That same year, Brown & Root won its first five-year logistical
support
contract from the U.S. Army Corps of Engineers that would send
them into
work alongside G.I.s in places like Somalia, Haiti, Kosovo,
Bosnia, and
Saudi Arabia. The Balkan contract has been the most profitable
for Brown &
Root -- the General Accounting Office (GAO) estimates that the
company made
$2.2 billion in revenue during the U.S. military operations
there building
sewage systems, kitchens, and showers and even washing underwear
for the
20,000 U.S. soldiers stationed there.
Kudos from the Army, Criticism from Outside
Army staff and their supporters have nothing but praise for
Brown & Root.
The Logistics Management Institute, a military think-tank, claims
that
LOGCAP contractors employed 24 percent fewer personnel and were
28 percent
less expensive.
But other government agencies are more skeptical. "It is convenient
to
contract a lot of this work out. The problem is that the government
doesn't
do the best job of oversight," says Neil Curtin, director of
operations and
readiness issues at the defense capabilities and management
team at the GAO.
Policy analysts say that it is simply a matter of time before
something
goes wrong. "Suppose a local Afghani contractor gets kidnapped
or used for
mischief? This has not been thought through at the policy level
or opened
up for public debate," notes Thomas Donnelly, deputy executive
director of
the Project for the New American Century in Washington DC.

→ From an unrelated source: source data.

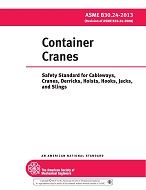 Volume B30.24 includes provisions that apply to theconstruction, installation, operation, inspection, testing,and maintenance of container cranes used for liftingpurposes, in conjunction with equipment described inother volumes of the B30 Standard. This Volumeincludes power-operated cranes of the above type whosepower source is either self-contained or provided externally;single, double, or box girder construction, utilizinga trolley and a container-handling spreader or otherapplicable lifting apparatus (cargo hook, cargo beam,magnet, etc.); and rail- or rubber tire-mounted withthrough-the-legs or between-the-legs operation. Use ofthe same hardware for purposes other than lifting isexcluded from the provisions of this Volume. ThisVolume does not apply to small industrial truck-typecranes, container-handling toploaders and sideloaders,or mobile straddle-type industrial lifts.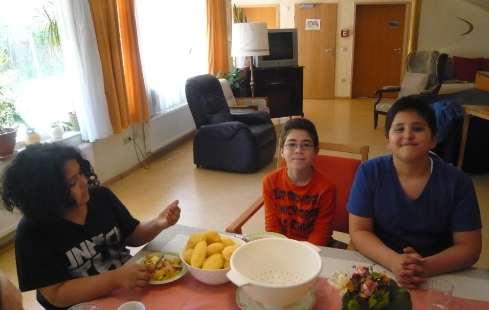 „Wir aus der 5c haben nach der Führung in den vier Wohngemeinschaften im Gartenhaus geholfen. Zum Gartenhaus gehört ein großer schöner Garten, um den sich eine Gärtnerin kümmert. Einige von uns haben geholfen, das Mittagessen zuzubereiten, andere haben im Garten mit einigen älteren Menschen Fußball gespielt. Zwei von uns haben mehrere Runden Mensch ärgere Dich nicht gespielt. Es hat den Jungs der 5c sehr viel Freude bereitet, beim Boy’s Day dabei gewesen zu sein. Zwei von uns haben sogar gefragt, ob sie öfter kommen und helfen können.“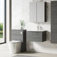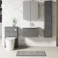 Nuie 600mm Anthracite Woodgrain Wall Hung 1-Drawer Vanity Unit Including Basin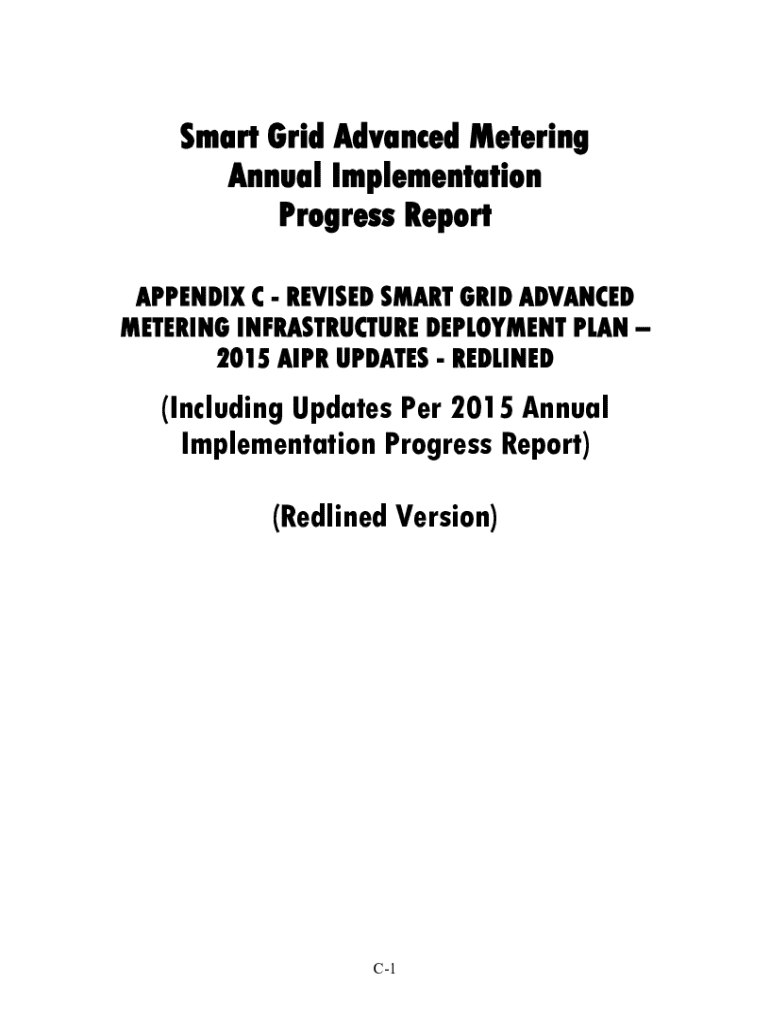 Smart Grid Advanced Metering Annual Implementation Progress Report APPENDIX C REVISED SMART GRID ADVANCED METERING INFRASTRUCTURE DEPLOYMENT PLAN 2015 AIPR UPDATES REDLINED(Including Updates Per 2015 Annual Implementation Progress Report) (Redlined Version)C1Revised Smart Grid Advanced Metering Infrastructure Deployment Plan (Including Updates Per 2015 Annual Implementation Progress Report Order dated June 11, 2014 in ICC Docket Nos. 140212, 130285, and 120298 (cons.)) Submitted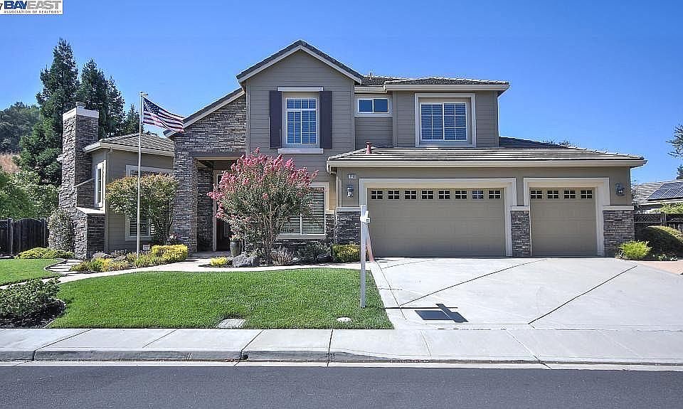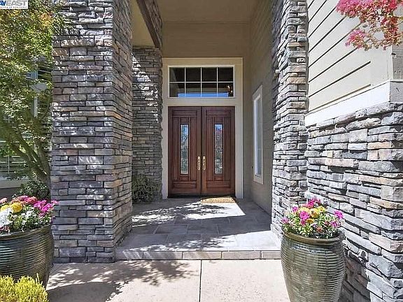 Built in 1999 by Presley Homes, this beautiful semi-custom estate home is located at The Preserve community, a prestigious hilltop development of 100 homes on 300+/- acres. This home sits on a premium lot with no front facing neighbor and backs to permanent open space with Mt. Diablo Views. Very well maintained by the original owners, this home features a well designed floor plan with space for everyone and ideally suited for both formal gatherings and casual get togethers. Highlights include: Dramatic formal entry with sweeping staircase and soaring ceiling. Elegant formal living and dining room with gas fireplace, custom chandelier, and plantation shutters. Spacious granite kitchen with cherry cabinetry, breakfast nook, walk-in pantry with wine storage, and stainless steel SubZero refrigerator. Adjacent family room offers natural stone surround fireplace and media niche and granite topped wet bar with upgraded cherry cabinetry. Executive office/main level bedroom with built in cherry cabinetry and desk and ensuite full bathroom, laundry room, and powder room round out the first floor. Upstairs, double doors lead to the luxurious master bedroom suite with private balcony, wet bar and media niche, and two way gas fireplace. Master bath features oversized stall shower with tile surround and glass enclosure (with Mt. Diablo views!), Jacuzzi soaking tub, dual vanity and make-up counter, and his and hers closets. 3 additional comfortably sized bedrooms feature ensuite bath or Jack and Jill bath, mirrored closet doors, and one with built in cabinetry and desk for alternate office space. Additional amenities include: Built in speakers, recessed lighting, security system, central vacuum, dual zone HVAC system, and water softener. Outside, the private, fenced rear yard backs to permanent open space with views to Mt. Diablo and features multiple salted concrete patios and sitting areas, built in stainless steel DCS BBQ, and small vineyard and rose garden among mature landscaping. 3 car garage with loads of storage. Monthly HOA dues of $160. All this and top rated Pleasanton schools, proximity to Historic Downtown, 580/680 freeways and BART, award winning Livermore Valley Wineries, San Francisco, and Silicon Valley.

In fact some of the cost cutting is managed by hiring local
workers at
lower wages than U.S. soldiers would be paid, a controversial
practice that
has its drawbacks. In 1994 United Nations troops armed with
batons and tear
gas had to be brought in to quell protests by workers that Brown
& Root
dismissed at the end of its engagement in Somalia. In Saudi
Arabia, the
army was alarmed when it discovered that locally contracted
drivers were
firing up portable propane tanks to cook meals out in the desert
while
transporting high explosive ordinance weapons, according to
a student
report published by the Air University at Maxwell Air Force
base in Alabama.
Independent agencies are still skeptical. For example a February
1997 study
by the GAO showed that an operation that was estimated at $191.6
million
when presented to Congress in 1996 had ballooned to $461 and
a half million
a year later. Examples of overspending included flying in plywood
from the
United States at a cost of $85.98 per sheet (the cost in the
United states
was $14.06) and billing the Army to pay its employees income
taxes in Hungary.
A subsequent GAO report, issued in September 2000, noted that
army
commanders in the Balkans were unable to keep track of contracts
as they
were typically rotated out after six months, erasing institutional
memory.
For example the GAO pointed out that many of the Brown &
Root contract
employees were idle most of the time despite the fact that offices
were
being cleaned four times a day. The GAO also faulted Brown &
Root in its
over-zealous purchase of power generators at great expense and
employing
far more firefighters than necessary.
Allegations of Fraud
In February this year Brown & Root paid out $2 million to
settle a lawsuit
with the Justice Department, which alleged that the company
defrauded the
government during the closure of the Fort Ord military base
in Monterey,
California in the mid-1990s.
The allegations in the case first surfaced several years ago
when Dammen
Gant Campbell, a former contracts manager for Brown & Root,
turned
whistle-blower and charged that between 1994 and 1998 the company
fraudulently inflated project costs by misrepresenting the quantities,
quality and types of materials required for 224 projects. Campbell
said
that the company submitted a detailed "contractors pricing proposal"
from
an Army manual containing fixed prices for some 30,000 line
items.
Once the proposal was approved, the company submitted a more
general
"statement of work" which did not contain a detailed breakdown
of items to
be purchased. Then, according to Campbell, Brown & Root
intentionally did
not deliver many items listed in the original proposal. The
company defends
this practice by claiming that the "statement of work" was the
legally
binding document, not the original "contractors pricing proposal."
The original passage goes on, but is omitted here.